COBURN atteint le sommet du pic de plusieurs centaines de pieds où est l'aveugle qui est maintenant encore en train de jouer de la flûte. Soudain AH SAHM arrête de jouer, apparemment il a détecté au loin quelqu'un qui approche, mais reprend à nouveau après une courte pause. COBURN s’approche de plus en plus, comme il atteint bientôt le pic il sort des fléchettes de sa poche. AH SAHM joue encore de la flûte. COBURN pousse un grand cri, comme pour avertir AH SAHM, puis il jette tout de suite plusieurs fléchettes vers lui. Rapidement, l’homme aveugle en écarte une avec sa flûte tout en esquivant les autres. Les deux hommes sont maintenant à quelques mètres l’un de l’autre. Ils se tiennent là, silencieux et face à face dans leur position de combat. Tout ce qui est entendu aujourd'hui est le doux bruit du vent, gazouillis des oiseaux, etc. Rapidement COBURN donnent quelques rapides et fortes techniques tandis que AH SAHM répond avec la sienne.

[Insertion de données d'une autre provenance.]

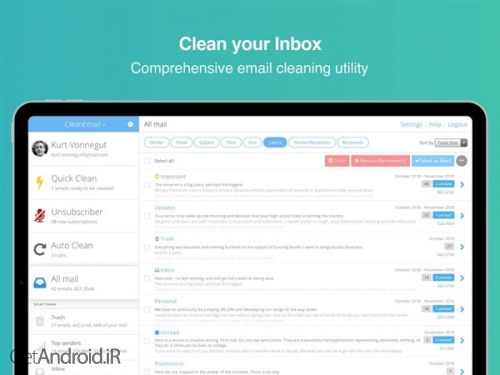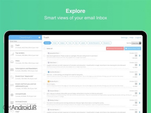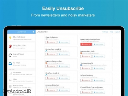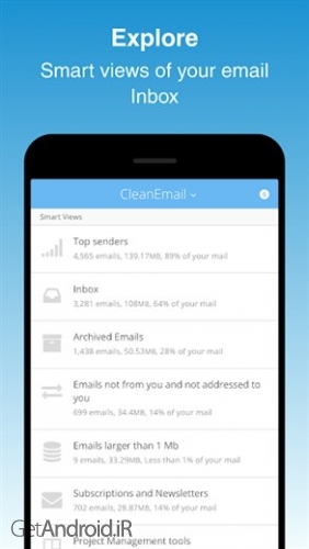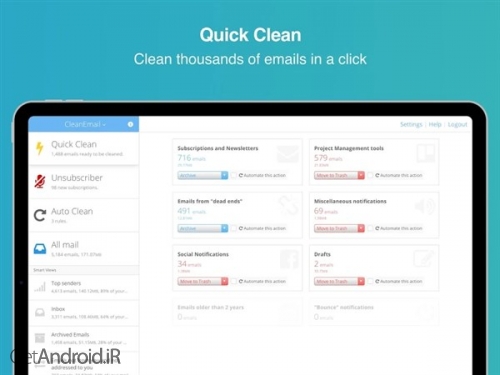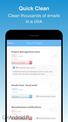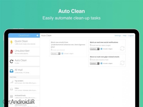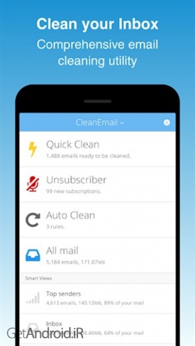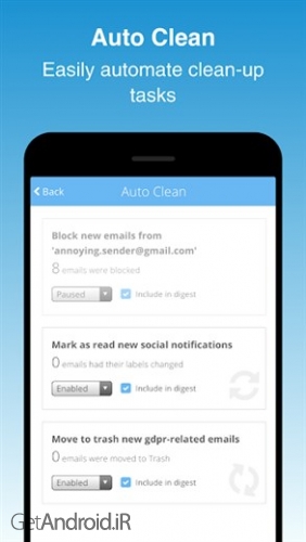 بهترین پاک کننده و سازمان دهنده ایمیل می باشد که به شما قدرت کنترل صندوق ورودی تان را می دهد. این برنامه مدیریت ایمیل اندروید می تواند به راحتی به صفحه اصلی شما متصل شود و می تواند برای شناسایی صندوق پستی خود استفاده شود. همچنین به دنبال آن یک قوانین و فیلترهای قدرتمندی به منظور کارایی بخش صندوق پستی ایجاد شده است و به شما اجازه می دهد تا به سرعت ایمیل های خود را شناسایی کنید و صندوق پستی خود را با چند کلیک پاکسازی کنید.با Clean Email می توانید: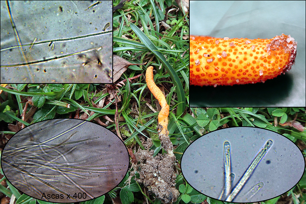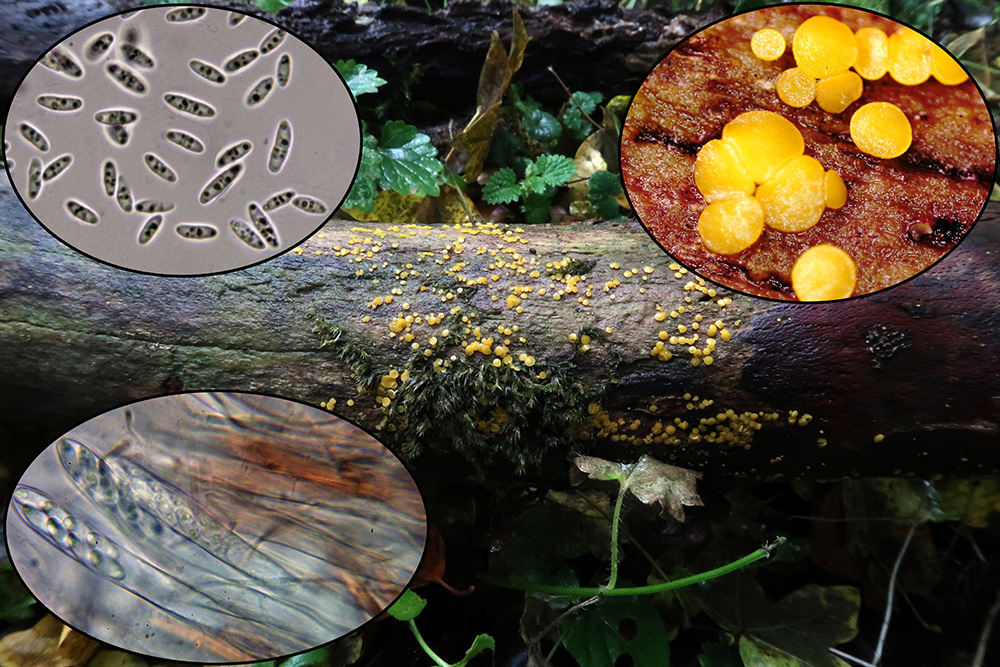 Sus esporas con unas medidas de 11.8 - 15.3 × 5 - 5.8 µm
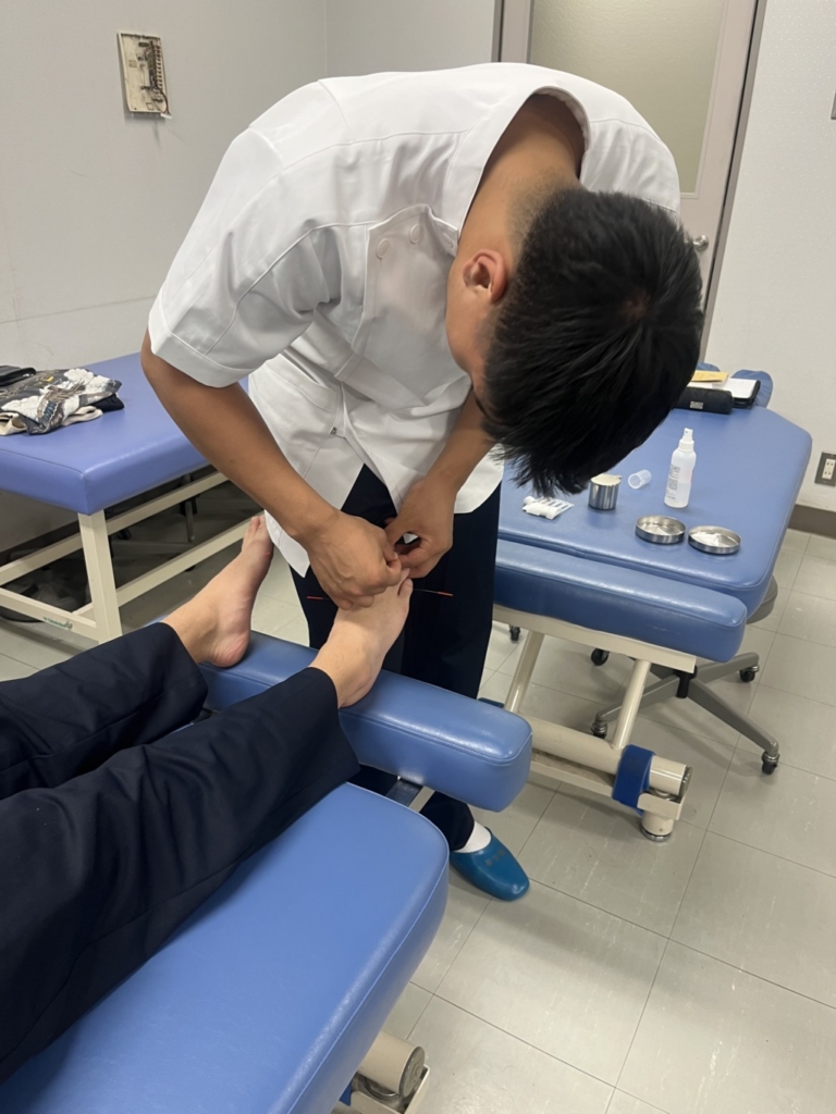 臨床実習中では、そういった東洋医学的な考え方で治療を指示することもあります。患部を触っていないのに症状から離れたところにある離れたツボで痛みの度合いが変わったり動きやすくなったりするのを選手だけじゃなく治療した学生自身が驚くこともあります。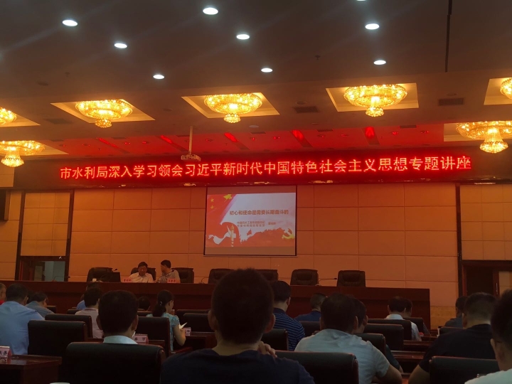 近日,市水利局组织开展“深入学习领会习近平新时代中国特色社会主义思想”专题讲座。市水利局第七党支部全体党员参加学习,作为支部8月的主题党日活动,大家积极参与、认真学习。此次讲座邀请了常德市委市直机关工委常务副书记董明辉主讲。董书记讲话中强调:“党的初心和使命是需要长期奋斗的。”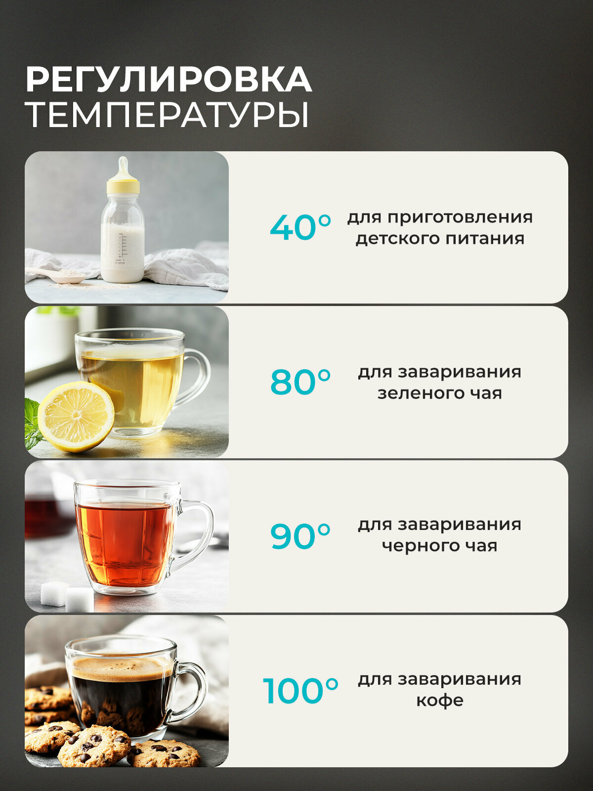 Мы позаботились о вашей безопасности. Чайник оснащен надежной системой защиты, которая автоматически отключает его при закипании воды или при отсутствии воды в резервуаре. Это гарантирует безопасное и долговечное использование прибора.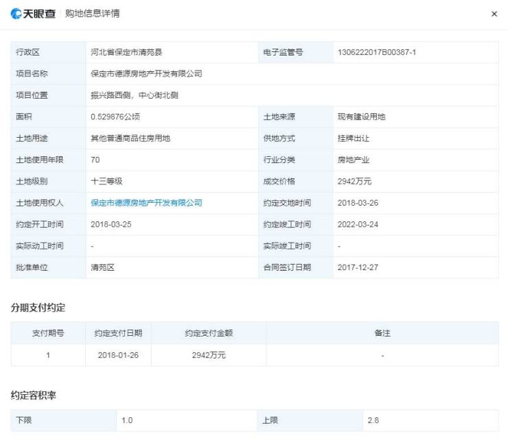 该公司曾于2017年12月22日,以2942万元竞得清土挂字【2017】第4号-04地块,该地块面积5298.76平方米,位于清苑区振兴路西侧、中心街北侧。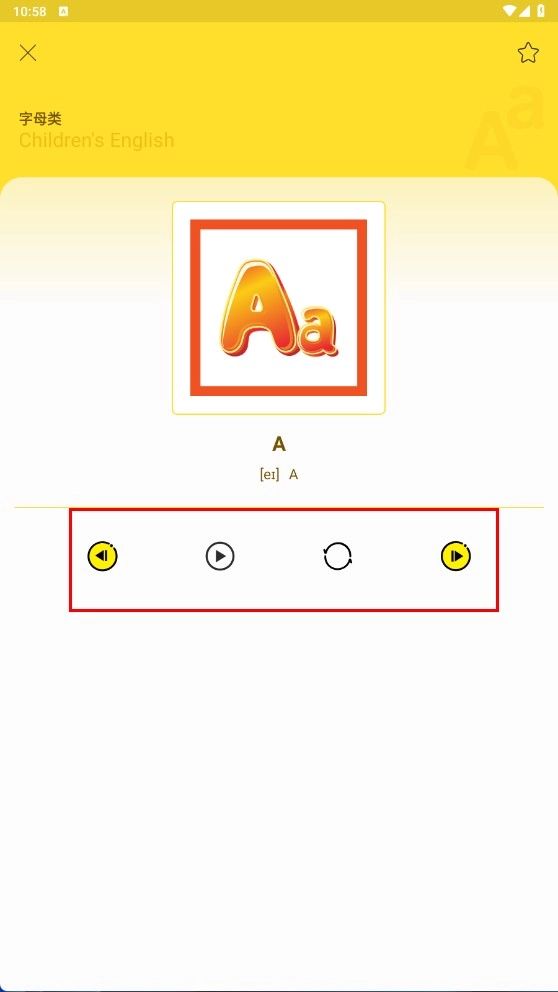 2、在字母学习界面,可查看字母【Aa-字母标识】,并使用下方功能按钮进行学习操作。

Ils s’interrompent à nouveau et se font face. COBURN n'est pas tendue, mais prêt, ne pense pas, mais ne rêve pas, n'est pas fixé, mais flexible. En substance, il est tout à fait tranquille et en vie, conscient et alerte, prêt à toute éventualité. Un contraste avec ses précédents combats.

Il y a quelques rencontres en plus mais bien que les coups de pied et les coups mortels sont donnés, ils jouent avec désinvolture l’un avec l’autre et profitent de chacun de ces moments. La plupart du temps ils restent juste là avec une brève réaction économique à chaque intention d'attaque ou tout simplement ils reprennent leur respiration. Les deux combattants fusionnent en un seul. Le soleil se déplace, et le jeu de jambes de l'homme aveugle se déplace également, jusqu'à ce que le soleil soit éclipsé par la tête de l’homme aveugle du point de vue de COBURN. Puis, soudainement, comme la tête de AH SAHM se déplace, un flash de lumière couvre tout l’écran, un grand cri remplit les oreilles; quelqu'un a exécuté son mouvement. Avec l'aide d'un hélicoptère le plan remonte très rapidement, de sorte que si nous sommes en mesure de voir un homme perdre le combat, nous ne savons pas lequel a en fait perdu. Le cri s'estompe, aussi la prise de vue prend de la distance. Un autre plan montre le cadre paisible du soleil, le vent qui souffle doucement, le chant des oiseaux, puis la triste mélodie de la flûte.

FIN

silent_flute_joe_lewis_THE_END

 

Discours final du personnage de Cord, tiré de la copie écrite par Bruce du scénario  The silent flute, daté du 19 octobre 1970:

"Je ne souhaite pas posséder,
Pas plus que je ne souhaite être possédé.
Je ne convoite plus le paradis.
Plus important encore, je ne crains pas l'enfer...
Je porte en moi depuis toujours le remède à ma souffrance.
Mais je ne m'en sers pas.
Mon mal vient du plus profond de moi,
Mais je n'en ai pas tenu compte.
Je sais maintenant que je ne verrai jamais la lumière.
Pourtant, comme la chandelle, je suis mon propre carburant,
Et je me consume."

 

Le film inspiré du scénario de Lee, Silliphant et Coburn que Richard Moore réalisa en 78 sous le titre "Circle of iron":

006  dvd_zone_all_version_FR

1FD   007

 

Pour rendre hommage au scénario de Bruce Lee, l'idéal serait de retranscrire fidèlement le scénario de 76 pages, un film d'animation en motion capture à la manière de "La légende de Beowulf" de Robert Zemeckis, et avec Joe Lewis dans le rôle de Cord.